I have a different problem with the framework-res.apk. I have been able to decompile and recompile without errors but the recompilied app always makes my lock screen app drawer and setting look like it is a tablet.

I did find where someone else said something about two extra folders folders, drawable-xhdpi-v13 and layout-v13.

When I use 7-zip and open the un-decompiled app these folders are hidden just like all the values folders. Now when I edit any xml and delete the resources.arsc file when it recompiles these two folders are no longer hidden.


----------



## skylordusa1 (Dec 21, 2011)

Is apktool the only thing we can use now for ICS to compile and decompile apks. I used to use apk manager for the og droid and didn't have any problems compiling. Tried using apk manager with a few apks from droid theorys 4.0.3 ICS rom but it was erroring out. Are there any videos/tutorials on how to use apktool? I downloaded it and it seems to spit out the help menu when I open cmd and type apktool. But not to sure where to go from there. I really liked apk manager because it was easy to use. Any help would be appreciated.


----------



## Snow02 (Jun 14, 2011)

skylordusa1 said:


> Is apktool the only thing we can use now for ICS to compile and decompile apks. I used to use apk manager for the og droid and didn't have any problems compiling. Tried using apk manager with a few apks from droid theorys 4.0.3 ICS rom but it was erroring out. Are there any videos/tutorials on how to use apktool? I downloaded it and it seems to spit out the help menu when I open cmd and type apktool. But not to sure where to go from there. I really liked apk manager because it was easy to use. Any help would be appreciated.

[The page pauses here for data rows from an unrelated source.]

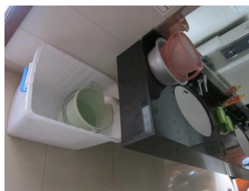
(洗手水回收再利用)
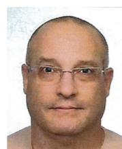
Jorge Esteves APA / Prosegur Lisboa
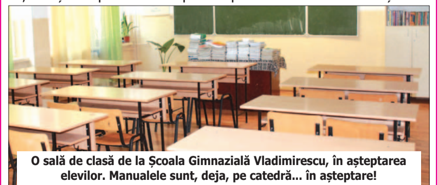
O sală de clasă de la Școala Gimnazială Vladimirescu, în așteptarea elevilor. Manualele sunt, deja, pe catedră... în așteptare!
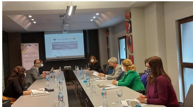
Работни состаноци со О ЈО ГОКК и ДКСК
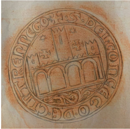
Figura 15. Reconstrucción completa del sello del Concejo de Cintruénigo.

plaza de toros carbonera y en la que, previamente y desde 1634, se fundó un convento de los Hermanos Menores Capuchinos.
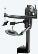
HP2 - 93Y005000 x 1
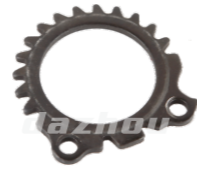
名称: 调节角度齿轮 ANGLE ADJUST GEAR NO:MPM-041
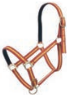
NYLON DOBLE POTRO SURTIDA COD:9260028
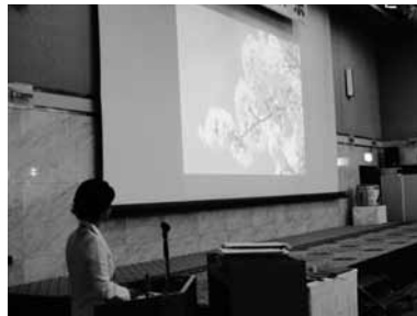
お堀の桜 思い出します

-Grab latest apktool package.
-Overwrite aapt.exe with the one from an updated sdk installation.
-Pull framework-res.apk into the folder.
-Type
apktool if framework-res.apk
-This installs the framework.
-Then pull the apk you want to decompile. Let's say systemui.
-Type
apktool d SystemUI.apk
-This will decompile it, loading the framework you just installed.
-To recompile, type
apktool b SystemUI
(note the omission of .apk)
-Now open the compiled apk (now in SystemUI/dist) and copy out what you changed (typically a layout xml and/or resources.arsc, classes.dex if you edited smali), and overwrite it in the original. This is done to maintain the system signature. 
-Push the apk, or load it in a flashable zip.


----------



## skylordusa1 (Dec 21, 2011)

Thanks a lot snow. I appreciate it. I will give it a shot. Just to confirm. I just need to put the framwework-res.apk in the same place apktool is. And also the other apks. Before running the commands? It will decompile/compile them right there in the same folder?


----------



## Snow02 (Jun 14, 2011)

skylordusa1 said:


> Thanks a lot snow. I appreciate it. I will give it a shot. Just to confirm. I just need to put the framwework-res.apk in the same place apktool is. And also the other apks. Before running the commands? It will decompile/compile them right there in the same folder?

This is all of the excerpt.